## Goal of the exercise
Your answer must consist of the records below, reproduced exactly, with every picture removed.

## Supplied material
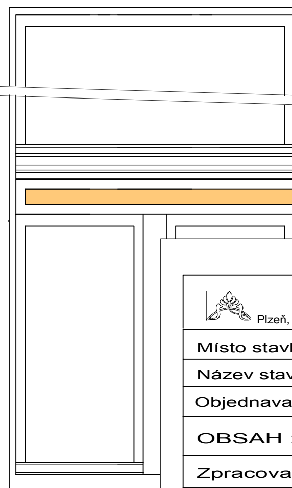
schéma provedení vlysů na vnějším okenním rámu poznámka:
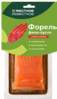
Форель филе-кусочки "Местное Известное" с/с с/к, 150 г
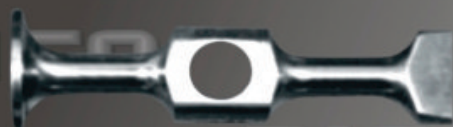
LIVIANO Art. 101
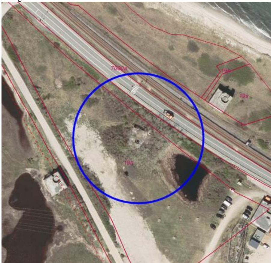
Figur 1: Markering af projektområdet, hvor der er ansøgt om rydning af krattet på stranden omkring bunkeren.
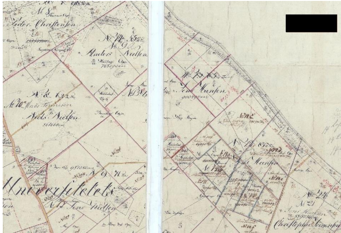
Matrikelkortet som sætter matr.nr. 13 på Unge Jens Hansens lod nr. 13 (lod nr. 13 Lemgaarden ses i kortets midte henover folden)

olgte godset gårdene til fæsterne ved arvefæsteskøder, og så rykkede de op som stand og blev betydningsfulde både kulturelt og politisk.
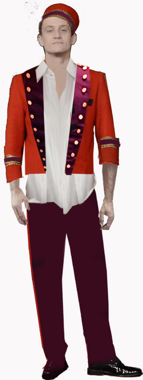
UNIFORM ZUŻYTY LEKKO..
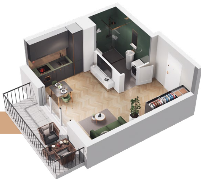
mieszkanie 29 m 2
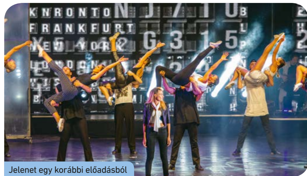
Jelenet egy korábbi előadásból

Az előadás látványvilágát több mint ötven négyzetméteres LED-fal erősíti. A musical minden korosztály számára remek szórakozást ígér. A nézők a régi slágereket felidézve nosztalgizhatnak és emlékezhetnek az Omega együttes tagjaira. • Potondi Eszter
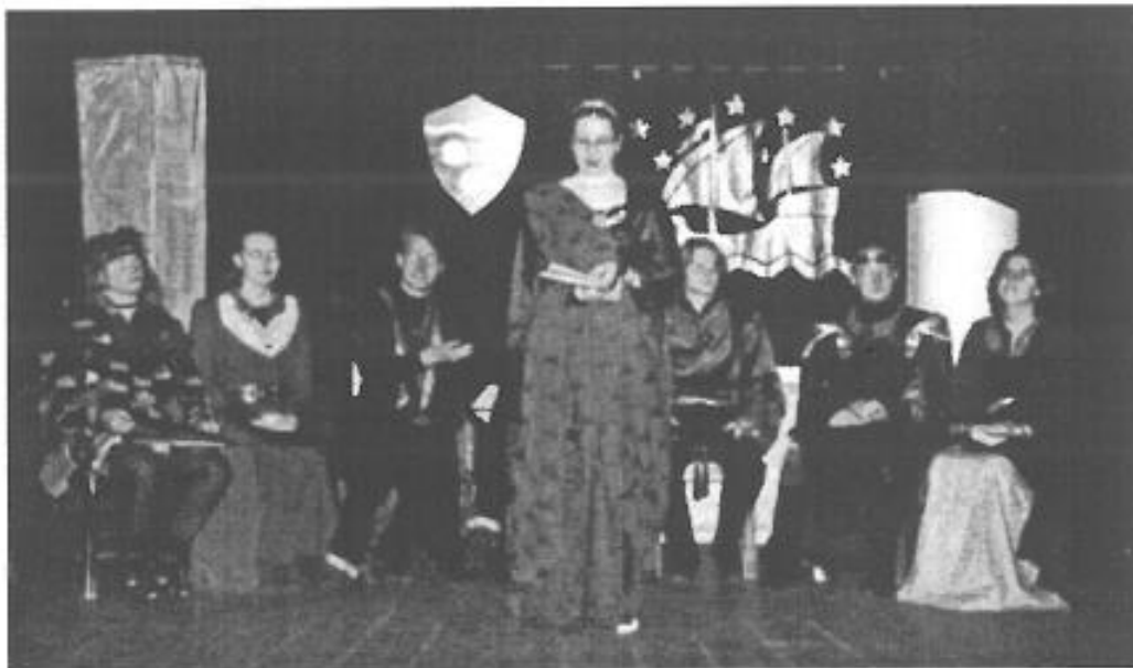
Nyårsfesten i Gårdhalla. Grendel Regina håller hov medan hennes nyatillträdde Råd vördnadsfullt lyssnar eller lystet gestikulerar... (Välj själv.)
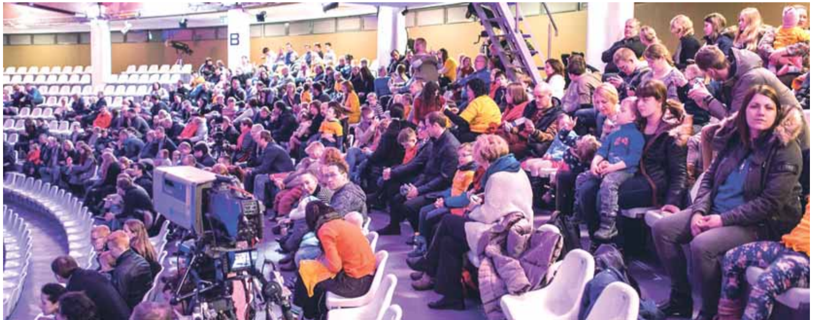
Pasaulinės Dauno sindromo dienos minėjimą delfinariume susirinko gausus būrys žmonių.

Vakar Lietuvos jūrų muziejaus Delfinų terapijos centre Klaipėdoje suorganizuota ir mokslinė - praktinė konferencija „Dauno sindromo diena Lietuvoje 2016“. Jos dalyviai turėjo galimybę susipažinti su Delfinų terapijos centre vykdoma veikla, stebėti delfinų pasirodymą. Be to, konferencijos metu buvo pristatytas leidinys „Dauno sindromas: patarimai tėvams ir specialistams“. Jį parengė VU Medicinos fakulteto Žmogaus ir medicininės genetikos katedros ir Filosofijos fakulteto autorių ko-

## Response area
schéma provedení vlysů na vnějším okenním rámu poznámka:
Форель филе-кусочки "Местное Известное" с/с с/к, 150 г
LIVIANO Art. 101
Figur 1: Markering af projektområdet, hvor der er ansøgt om rydning af krattet på stranden omkring bunkeren.
Matrikelkortet som sætter matr.nr. 13 på Unge Jens Hansens lod nr. 13 (lod nr. 13 Lemgaarden ses i kortets midte henover folden)

olgte godset gårdene til fæsterne ved arvefæsteskøder, og så rykkede de op som stand og blev betydningsfulde både kulturelt og politisk.
UNIFORM ZUŻYTY LEKKO..
mieszkanie 29 m 2
Jelenet egy korábbi előadásból

Az előadás látványvilágát több mint ötven négyzetméteres LED-fal erősíti. A musical minden korosztály számára remek szórakozást ígér. A nézők a régi slágereket felidézve nosztalgizhatnak és emlékezhetnek az Omega együttes tagjaira. • Potondi Eszter
Nyårsfesten i Gårdhalla. Grendel Regina håller hov medan hennes nyatillträdde Råd vördnadsfullt lyssnar eller lystet gestikulerar... (Välj själv.)
Pasaulinės Dauno sindromo dienos minėjimą delfinariume susirinko gausus būrys žmonių.

Vakar Lietuvos jūrų muziejaus Delfinų terapijos centre Klaipėdoje suorganizuota ir mokslinė - praktinė konferencija „Dauno sindromo diena Lietuvoje 2016“. Jos dalyviai turėjo galimybę susipažinti su Delfinų terapijos centre vykdoma veikla, stebėti delfinų pasirodymą. Be to, konferencijos metu buvo pristatytas leidinys „Dauno sindromas: patarimai tėvams ir specialistams“. Jį parengė VU Medicinos fakulteto Žmogaus ir medicininės genetikos katedros ir Filosofijos fakulteto autorių ko-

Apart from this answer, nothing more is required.